Nevertheless, ‘The Trial of Mr. Wolf’ owes a lot to Avery, with its numerous throwaway gags, like the skunk jury member, and puns, like Red Riding Hood literally having guilt written all over her face. No doubt this cartoon was a great inspiration to the other directors at Warner Bros., who all sped their cartoons up during 1941 and 1942, even Chuck Jones, who had made the slowest cartoons of the lot thus far. The Schlesinger studio could now enter its classic era.

Watch ‘The Trial of Mr. Wolf’ yourself and tell me what you think:

‘The Trial of Mr. Wolf’ is available on the DVD set ‘Looney Tunes Golden Collection Volume 5’

Director: Chuck Jones
Release Date: June 8, 1940
Rating: ★★½
Review:

Tom Thumb in Trouble © Warner Bros.Many of Chuck Jones’s early cartoons of 1938-1941 have a Disney-like character, but ‘Tom Thumb in Trouble’ arguably tops them all in Disney overtones.

The short stars a particularly small Tom Thumb, being indeed the size of his father’s thumb. When the father goes to work and leaves Tom alone to do the dishes, Tom Thumb almost drowns, but he is rescued by a little yellow bird. Unfortunately, his father blames the bird, and Tom Thumb walks away into the woods because of that. In the end all are reunited.

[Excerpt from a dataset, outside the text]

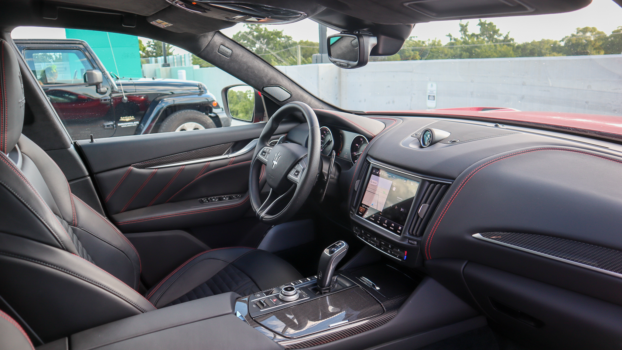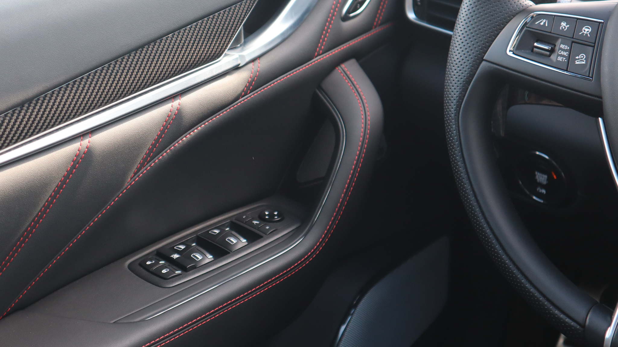The Levante is littered with pre-Stellantis touchpoint relics. The door switches, engine start button, headlight toggles, and other bits and pieces are identical to any 2008-and-up Dodge Grand Caravan. The infotainment layout, although supposedly brand new for 2021, looks like a reskinned version of the Uconnect system you’d find in, say, a Jeep Renegade. The Renegade’s, er, Levante’s infotainment is snappy and easy to use, but decidedly basic compared to Merc’s MBUX, BMW’s iDrive, or the screen in a Tesla. The setup works, but where’s the verve? Where’s the fanfare? Where’s the uniqueness and drama? Manufacturers are constantly trying to outdo each other, with setups that have voice control, gesture control, beautiful animations, and graphic design that explores the limits of touchscreen technology. By contrast, the Levante’s interface—full of square buttons with no pizzazz—feels almost like Windows 98 in an iPhone world.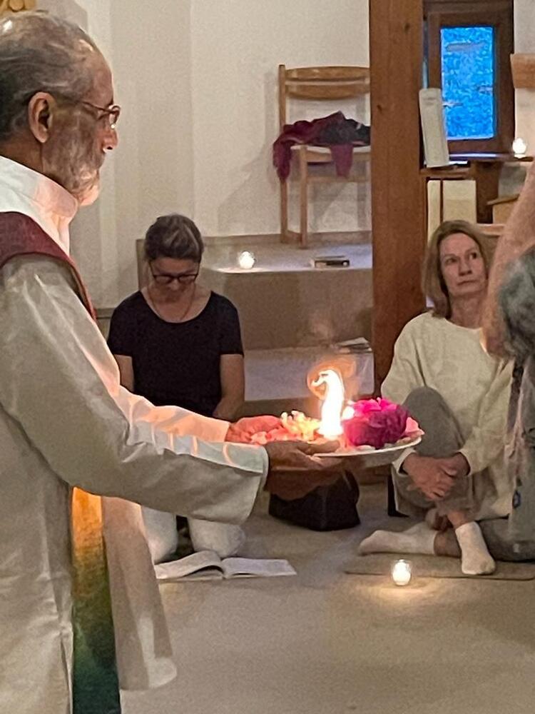 Die Bhagavad Gita, die im Mittelpunkt des stärkenden, sechstägigen Meditationskurses mit P. Sebastian Painadath SJ im Haus der Stille stand (1.6.-6.6.2023), gehört zu den angesehensten und am weitesten verbreiteten Texten der indischen Spiritualität. Pater Sebastian Paindanath SJ verdeutlichte mit den 42 Teilnehmenden die Parallelen zwischen dem spirituellen Gedicht (verfasst zw. dem 5. und dem 2. Jhd. v. Chr.) und dem Johannesevangelium, das die Urquelle der christlichen Mystik in dem Sinne darstellt, dass Jesus Christus die Menschen einlädt, an seiner Erfahrung der Einheit mit dem göttlichen Grund (dem Vater) teilzuhaben.

There’s absolutely nothing funny about this sentimental and cloying tale, and one wonders what Jones was thinking. This cartoon would have fit the years 1934-1936, not 1940. The animation, however, is stunning, with the very realistic father being an animation highlight within Warner Bros.’ 1940 output, topping even the realistic humans in ‘Old Glory‘, as he appears to have been animated with more confidence and ease. The staging, too, is nothing but impressive, with its strikingly original and dramatic angles, often turning the father into a towering figure.

But the short owes nothing to the output of Jones’s colleagues, and the only aspect that makes it typically Warner Bros. is Carl Stalling’s music, which makes clever use of classical music, with Richard Wagner’s Ride of the Valkyries during Tom Thumb’s flight into the winter woods as a particular highlight.

Watch ‘Tom Thumb in Trouble’ yourself and tell me what you think:

‘Tom Thumb in Trouble’ is available on the DVD set ‘Looney Tunes Golden Collection Volume 5’

Director: Tex Avery
Release Date: May 25, 1940
Rating: ★★½
Review:

A Gander at Mother Goose © Warner Bros.‘A Gander at Mother Goose’ is one of Tex Avery’s numerous spot gag cartoons. This time he sets his teeth in nursery rhymes, providing trite gags on e.g. Humpty Dumpty, Jack and Jill, and Little Miss Muffet.

Unfortunately, Avery’s spot gag cartoons rarely belong to his best work, and ‘A Gander at Mother Goose’ is no exception. Most surprising are his takes on two tales that have been made famous by Walt Disney: The Three Little Pigs (1933) and Little Hiawatha (1938). Not that his gags are funny, however. Best may be the first gag in which Miss Mary does a Katherine Hepburn imitation.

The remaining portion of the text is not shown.